We’re all used to the confusion between the words ‘diffuse’ and ‘defuse’ as verbs, caused by the pronunciation of the latter with the KIT vowel rather than the more etymologically correct FLEECE. If we were to introduce a hyphen into ‘defuse’, and wrote it ‘de-fuse’, we might start hearing it differentiated rather more, but that’s not likely to happen any time soon, especially as other words which used always to have a hyphen are now usually seen without one: ‘co-operate’ is a case in point, leading to a confusion in pronunciation between ‘corporation’ and ‘cooperation’.
This is all by way of an introduction to another confusion which I’ve recently seen in a newspaper article, and here there is no simple way round it. As it occurs in a quotation, I’m not sure whether it is the journalist or the person being quoted who has created it. In a report on the progress of a commercial company, we read of “the illusive trinity of like-for-like growth, unit growth and margin growth”. Does this mean that although the company is reporting all three, their co-existence is simply an illusion, or, which I think more likely, is ‘illusive’ simply a mistake for ‘elusive’?


  1. Are you talking of accents that do distinguish these, or accents that have no such difference for unstressed [i] (crisis = crises)?

  2. I would pronounce ‘elusive’ and ‘illusive’ identically, with KIT in the first syllable of both. Others may use schwa in ‘elusive’, and I suppose there may well be people who use schwa in both words. For the second of these three options, there is the extra possible confusion between ‘elusive’ and ‘allusive’. Spell checkers are no use here – they will accept all three spellings as correct, and not flag up the difficulty. The only solution is to learn the spellings and the meanings, just as ‘there’~’their’~’they’re’ and ‘principal’~’principle’ need to be learned. If someone’s particular accent has clearly different pronunciations for the group, then that person is lucky not to have the problem!

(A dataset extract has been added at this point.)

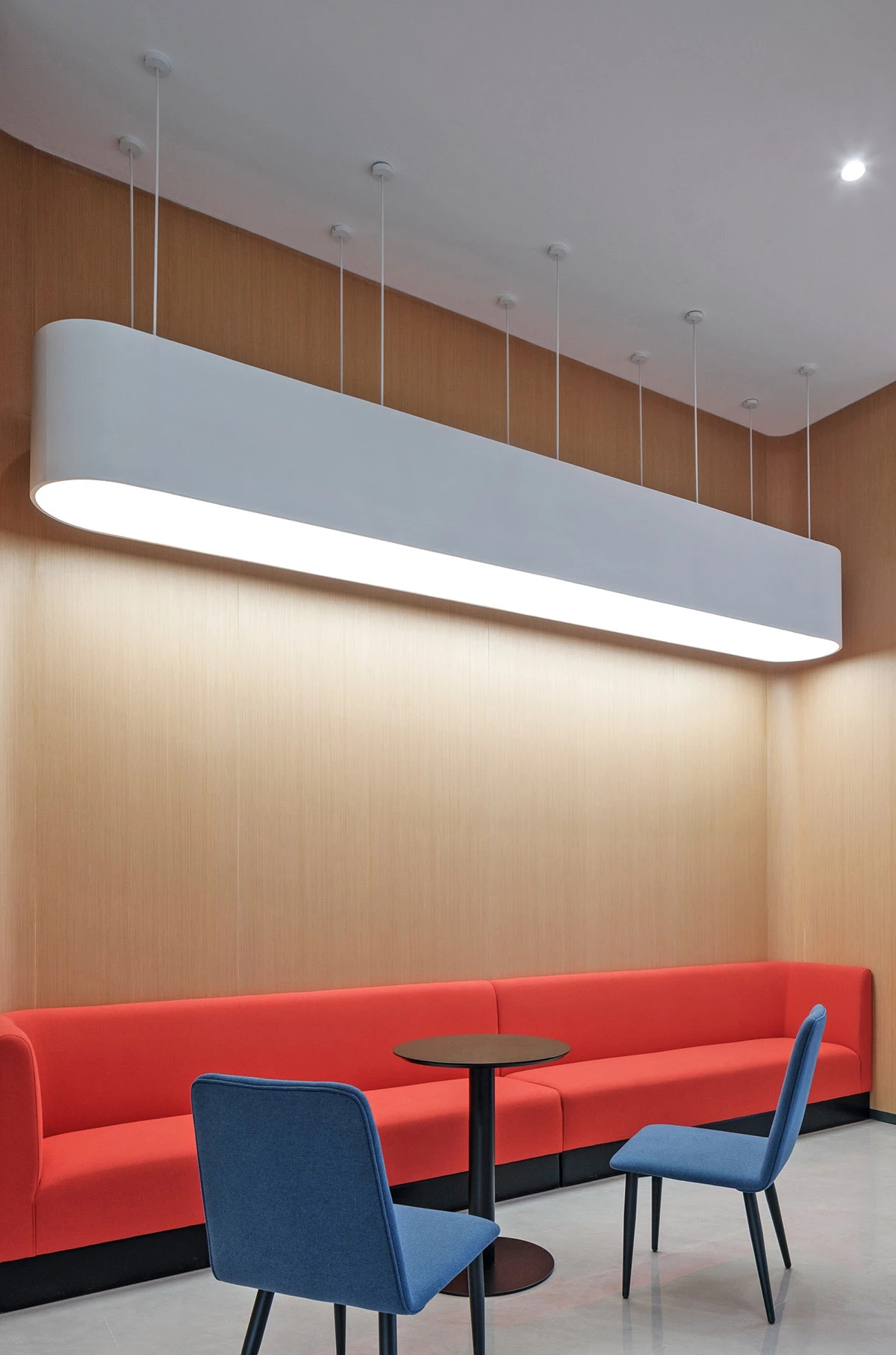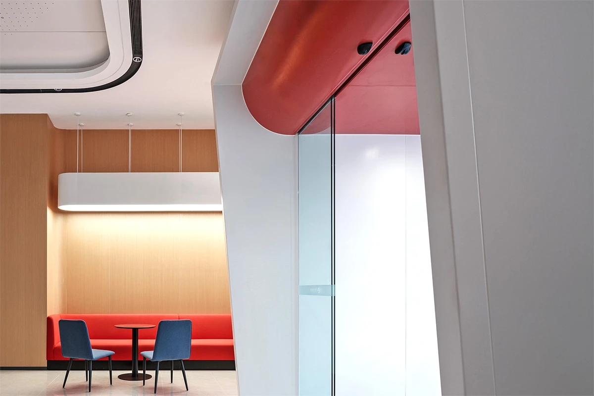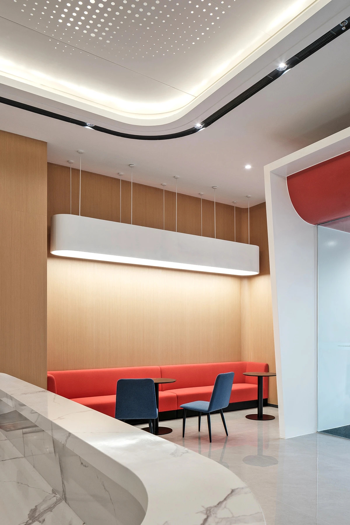 如果空间的转换是情绪的铺陈,那么进入等候区,则是视觉与功能井然有序的巧妙结合,亲和的木饰面、极简的白色吸顶灯、具有中国信仰的中国红沙发,营造出舒适的空间氛围。

  3. Embarrassing confusion along these lines some years ago with an Australian. The topic was the hordes of near-geriatric western men who come to Thailand and marry much younger Thai women from rural areas. And the argument, supported by the Australian, was that this was still a form of exploitation. Now the Australian himself had divorced his first wife (Australian, same age as him) and married a younger Thai woman and he suddenly realized that he might seem to be condemning his own actions. He quickly defended himself by saying that his new wife was no know-nothing bumpkin bimbo, but an educated Bangkokian of 30 years of age. ‘At that age,’ he said, ‘she has no ?llusions.’ ‘You mean literary allusions, Peter?’ He thought I was being deliberately dense. Maybe I was.

  4. There have always been homophones in different accents – sometimes distinguished in others. They probably come and go with sound change.